MILTON - Nada a ver. A única coisa que me incomoda no Lula foi uma frase que usou, que não estudou e é presidente. Não sabe o mal que causou à nação.
FOLHA - Aprova a gestão de Gilberto Gil no Ministério da Cultura?
MILTON - Não sei... Cultura, na minha cabeça, é a perna direita de um país. E acho que a Cultura está meio vasqueira, devagar.
FOLHA - "A Favorita" mostra a relação conflituosa do deputado com a imprensa. Como o sr., que fez faculdade de jornalismo, analisa a atual relação entre imprensa e poder?

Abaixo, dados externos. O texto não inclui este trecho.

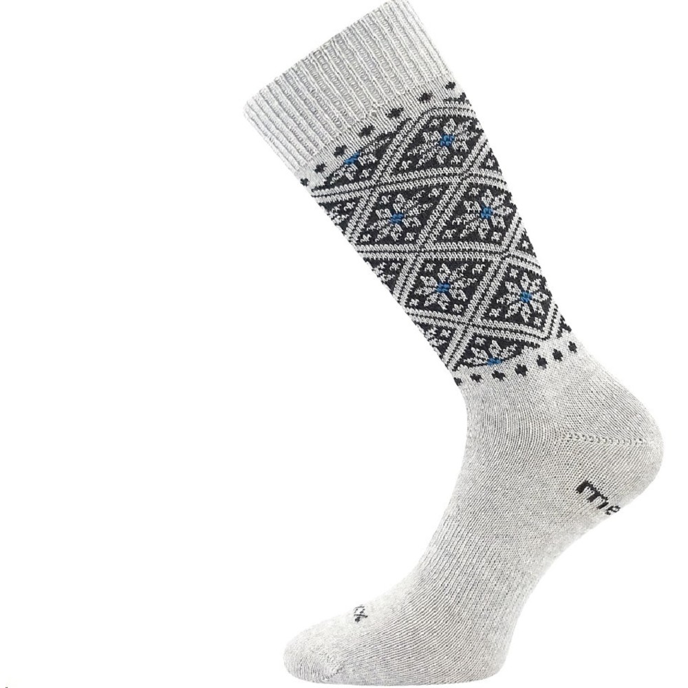 Ponožky NORDKAPP dámské Voxx světle šedé jsou dokonalým společníkem pro chladné dny. Díky vysokému podílu merino vlny poskytují vynikající teplotní komfort a díky přidaným iontům stříbra jsou přirozeně antibakteriální, to pomáhá chránit před vznikem bakterií a nepříjemným zápachem. Norský vzor: Tyto ponožky zaujmou svým oblíbeným norským vzorem, který je nejen esteticky příjemný, ale také nadčasový.Jemný lem: Velmi jemný a nestahující lem zajišťuje, že ponožky neškrtí a poskytují maximální pohodlí po celý den.Řetízkovaná špice: Špice spojená řetízkováním je hladká a netlačí, což přispívá k celkovému komfortu při nošení. Ideální pro zimní období: Tyto klasické zimní ponožky patří do teplotní třídy C, což je činí ideálními pro chladnější období s teplotami od -20°C až do +5°C. Hlavní parametry: Materiál: Merino vlnaAntibakteriální ochrana: Ionty stříbraDesign: Jemný lem a řetízkovaná špice Tyto dámské ponožky jsou perfektní volbou pro ty, kteří hledají spojení stylu, funkčnosti a komfortu během chladných zimních dní. Velikosti 39-42 35-38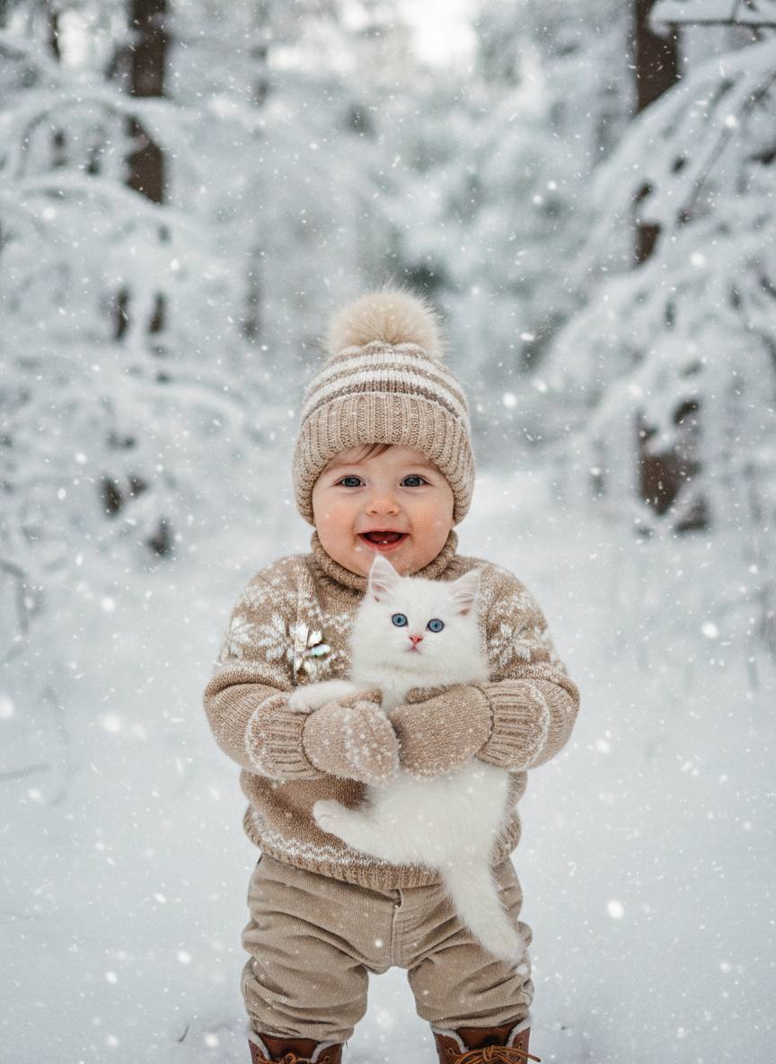 В руках он держит пушистого белого котенка с голубыми глазами. Ребенок улыбается

MILTON - Não há hoje ninguém absolutamente isento. O jornal é feito para um grupo de leitores e quer alcançar seu nível de venda. O seu jornal, por exemplo, tem como cliente a classe média paulista. Pode até fazer matérias para o operariado, mas não é seu público-alvo.
FOLHA - O repórter da novela gritou "corrupto, ladrão" em comício de Romildo. O jornalismo partidário é muito presente hoje no país?
MILTON - Não é função do repórter ir a um comício e chamar o cara de ladrão. Se quer falar, tem que tirar o crachá e agir como cidadão.
FOLHA - Por outro lado, o deputado da novela veta a publicação de reportagens que denunciam suas falcatruas telefonando para a cúpula do jornal. Não é um tema delicado para se tratar em uma emissora que faz parte de um conglomerado de comunicação tão amplo?
MILTON - Concordo em gênero, número e grau. Mas, pai, afasta de mim esse cálice! [risos].